MF: Here in Brighton – and I think most coninfection clinincs in the UK are the same – we have clinical nurse specialists who support patients taking treatment on an ongoing basis. There's usually a lot of input with anti-HIV therapy at the beginning, and then things tend to sort themselves out and become easier, whereas with hepatitis C therapy the problems usually last throughout treatment, or may even get worse. So that input needs to be regular and ongoing. A lot of it is really acknowledging that people are having a really rough time, and then reassuring them that that's normal.

Question Six

Hepatitis C therapy does seem to be in the Dark Ages, especially compared with HIV therapy. When will the Age of Enlightenment arrive?

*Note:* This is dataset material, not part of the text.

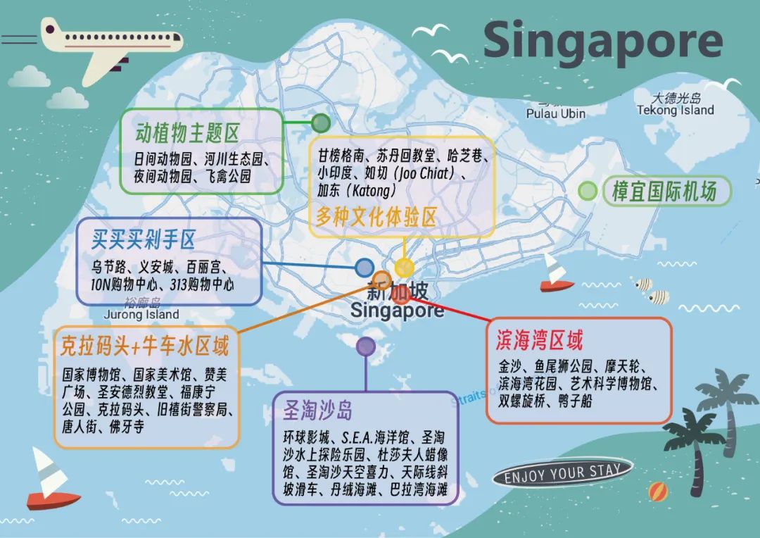 分别是:滨海湾区域、牛车水区域、多种文化体验区(感受马来、印度、娘惹文化)、圣淘沙岛、动植物主题区,以及买买买剁手区(乌节路)。

MN: HIV and hepatitis C were really discovered around the same time, so there does seem to be a huge contrast when you compare them: why are there no oral drugs for hepatitis C yet? There are some on the horizon [Schering-Plough's hepatitis C protease inhibitor SCH 503034 has just been fast-tracked by the United States' Food and Drug Administration (FDA), and Vertex Pharmaceuticals hepatitis C protease inhibitor, VX-950, is in Phase II studies] but the disappointing thing about them is that, in the studies so far, they're just an add-on to the interferon, not a replacement. In addition, something that came up repeatedly at the Amsterdam workshop is that people with HIV are excluded from the majority of these studies. So, even if they are approved, we'll have to wait while more studies are done in coinfected inviduals. I think it's really important that doctors, patients and advocates lobby the drug companies to get at least some data now in HIV-positive individuals, so that we can all benefit from the new drugs at the same time.

References

1. Ghosn J et al. Increase in HCV Incidence in HIV-1-infected Women and Men Followed in the French PRIMO Cohort. Thirteenth Conference on Retroviruses and Opportunistic Infections, Denver, abstract 843, 2006.

2. Mocroft A et al. Is there evidence for an increase in the death rate from liver-related disease in patients with HIV? AIDS 19: 2117 - 2125, 2005.